Information given.
((

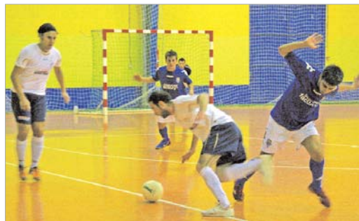
El Tres Calles se está reencontrando con su parroquia a base de goles.

En la segunda parte, Waito puso más tierra de por medio y, aunque los visitantes recortaron hasta el 6-3, Waito selló su
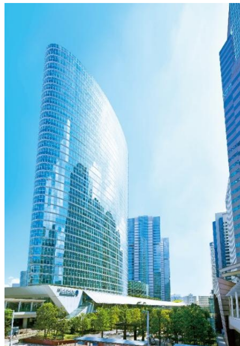
品川インターシティ
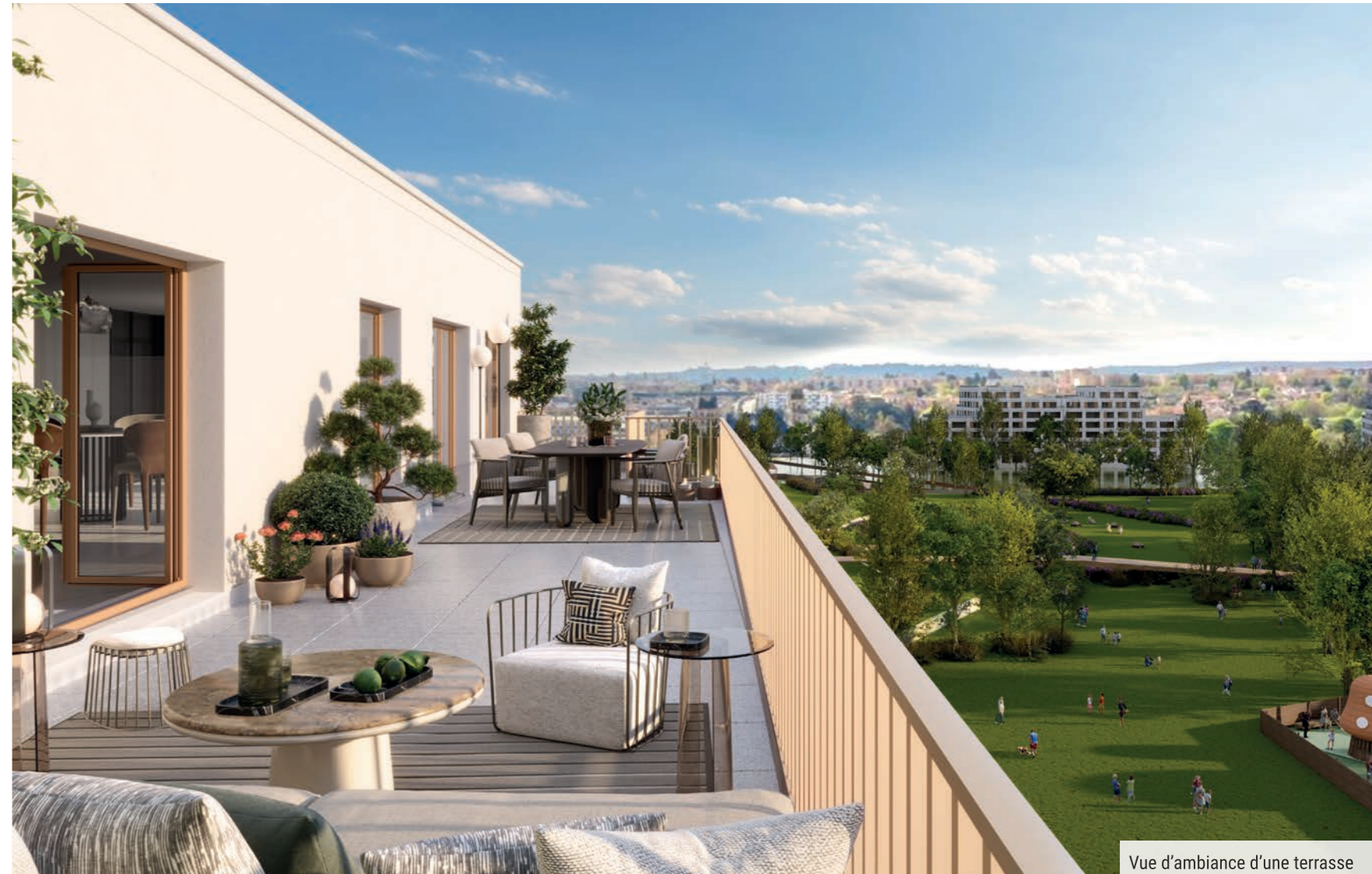
Vue d'ambiance d'une terrasse

La nature s'apprécie aussi en toute tranquillité au sein de son appartement. Les balcons et les terrasses en attique offrent un point de vue privilégié sur le parc ou sur le jardin en cœur d'îlot.
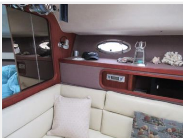
Tiara 31 Salon Starboard Forward

))

Repeat the data in full and exactly. Omit pictures.

Solution.
El Tres Calles se está reencontrando con su parroquia a base de goles.

En la segunda parte, Waito puso más tierra de por medio y, aunque los visitantes recortaron hasta el 6-3, Waito selló su
品川インターシティ
Vue d'ambiance d'une terrasse

La nature s'apprécie aussi en toute tranquillité au sein de son appartement. Les balcons et les terrasses en attique offrent un point de vue privilégié sur le parc ou sur le jardin en cœur d'îlot.
Tiara 31 Salon Starboard Forward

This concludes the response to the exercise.